Building a compile-time SIMD optimized smoothing filter

keldaris

This looks like a nice case study for when you're already using Rust for other reasons and just want to make a bit of numerical code go fast. However, as someone mostly writing C++ and Julia, this does not look promising at all - it's clear that the Julia implementation is both more elegant and faster, and it seems much easier to reproduce that result in C++ (which has no issues with compile time float constants, SIMD, GPU support, etc.) than Rust.

I've written very little Rust myself, but when I've tried, I've always come away with a similar impression that it's just not a good fit for performant numerical computing, with seemingly basic things (like proper SIMD support, const generics without weird restrictions, etc.) considered afterthoughts. For those more up to speed on Rust development, is this impression accurate, or have I missed something and should reconsider my view?

jonathrg

Tight loops of SIMD operations seems like something that might be more convenient to just implement directly in assembly? So you don't need to babysit the compiler like this.

feverzsj

I think most rust projects still depend on clang's vector extension when SIMD is required.

jtrueb

I think scientific computing in Rust is getting too much attention without contribution lately. We don't have many essential language features stabilized.

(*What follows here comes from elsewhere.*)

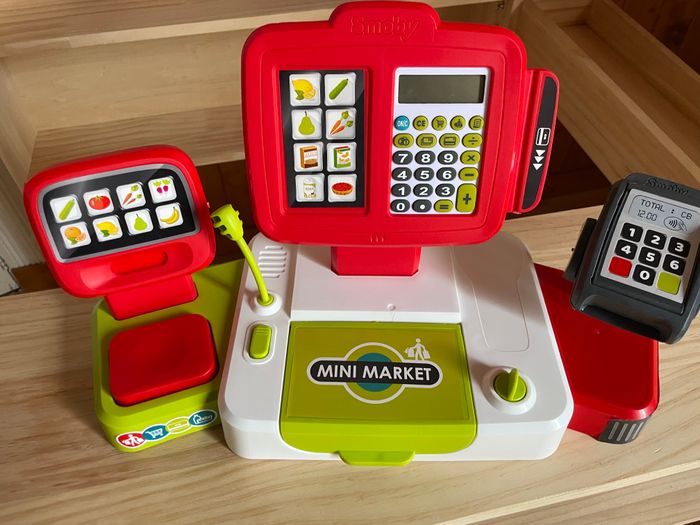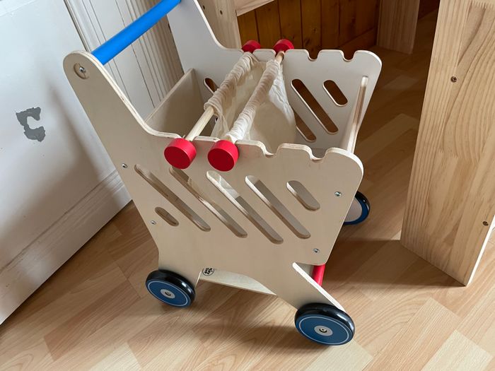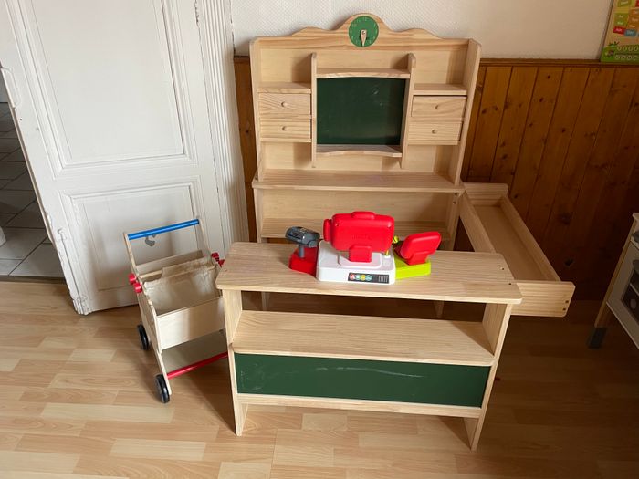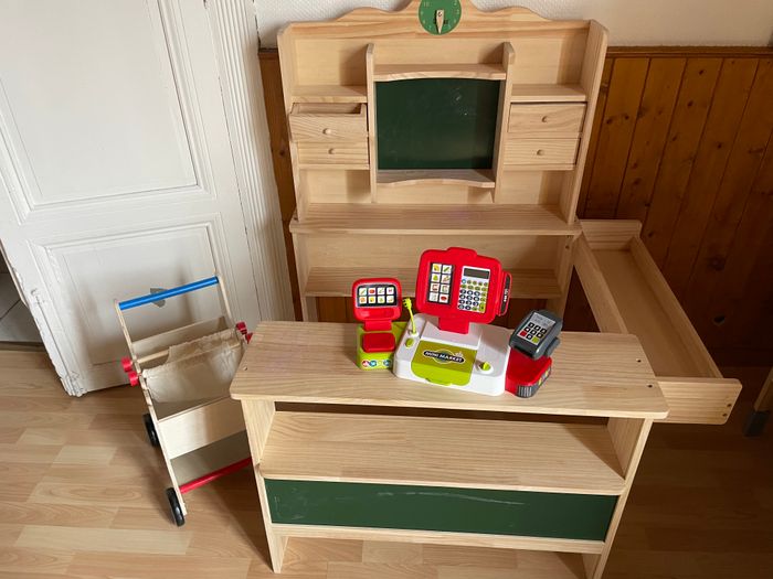 Vend marchande en bois, caddie en bois, caisse enregistreuse, le tout acheter en décembre.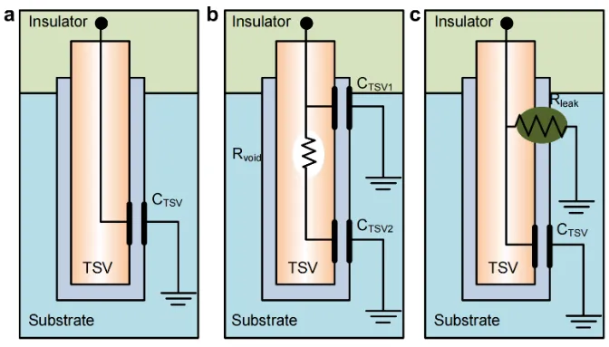 图1TSV故障模型。a,无故障;b,空洞故障;c,泄漏故障。4

SIMD, generic const exprs, intrinsics, function optimization overrides, and reasonable floating point overrides related to fast math are a long way from being stabilized. In order to get better perf, the code is full of these informal compiler hints to guide it towards an optimization like autovectorization or branch elision. The semantics around strict floating point standards are stifling and intrinsics have become less accessible than they used to be.

Separately, is Julia hitting a different LA backend? Rust's ndarray with a blas-src on Accelerate is pretty fast, but the Rust implementation is little slower on my macbook. This is a benchmark of a dot product.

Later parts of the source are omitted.